• _SOURCE DATA_
*-*-*

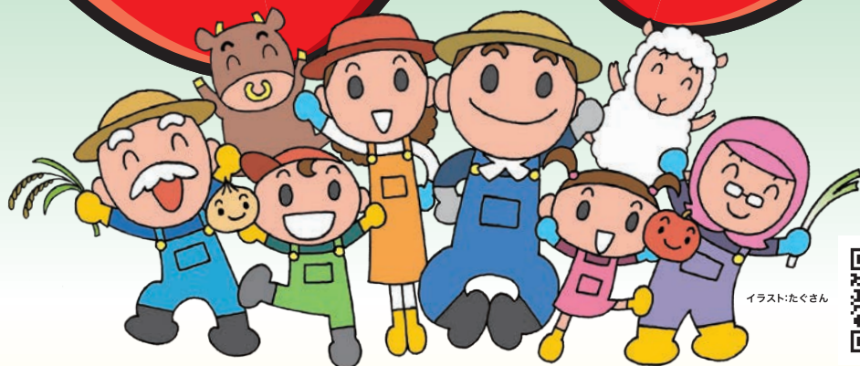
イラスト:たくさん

*-*-*

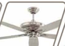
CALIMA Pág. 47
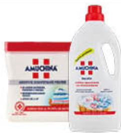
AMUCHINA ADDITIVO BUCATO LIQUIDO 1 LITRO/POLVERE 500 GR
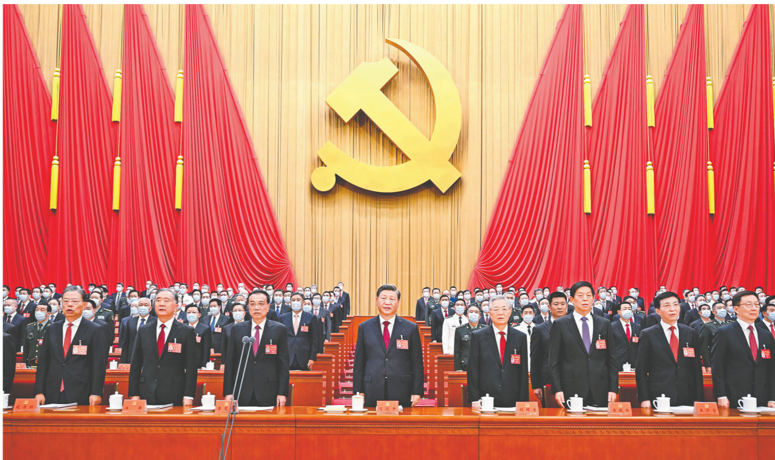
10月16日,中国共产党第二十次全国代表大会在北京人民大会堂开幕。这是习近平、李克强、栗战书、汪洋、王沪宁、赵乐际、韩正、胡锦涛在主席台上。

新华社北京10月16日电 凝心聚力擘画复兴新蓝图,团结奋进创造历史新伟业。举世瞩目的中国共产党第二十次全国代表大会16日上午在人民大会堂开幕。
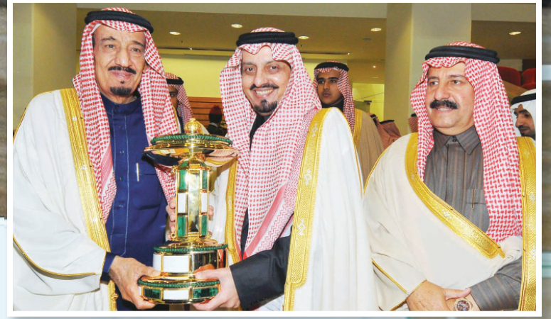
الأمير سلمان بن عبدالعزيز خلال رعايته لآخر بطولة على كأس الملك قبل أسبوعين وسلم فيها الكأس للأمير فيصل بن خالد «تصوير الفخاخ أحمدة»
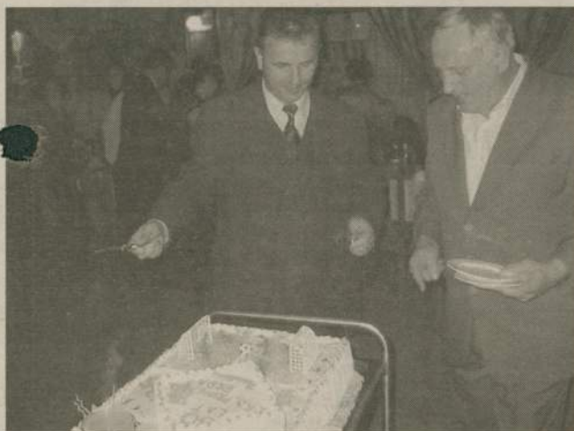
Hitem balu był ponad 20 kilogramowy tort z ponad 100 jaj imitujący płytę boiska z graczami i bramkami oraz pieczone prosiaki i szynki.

*-*-*

• _YOUR OBJECTIVE_
Of the lines above, quote exactly those from the one with "新华社北京10月16日电 凝" through the one with "Hitem balu był", ends included; pictures stay out.

• _EXERCISE ANSWER_
新华社北京10月16日电 凝心聚力擘画复兴新蓝图,团结奋进创造历史新伟业。举世瞩目的中国共产党第二十次全国代表大会16日上午在人民大会堂开幕。
الأمير سلمان بن عبدالعزيز خلال رعايته لآخر بطولة على كأس الملك قبل أسبوعين وسلم فيها الكأس للأمير فيصل بن خالد «تصوير الفخاخ أحمدة»
Hitem balu był ponad 20 kilogramowy tort z ponad 100 jaj imitujący płytę boiska z graczami i bramkami oraz pieczone prosiaki i szynki.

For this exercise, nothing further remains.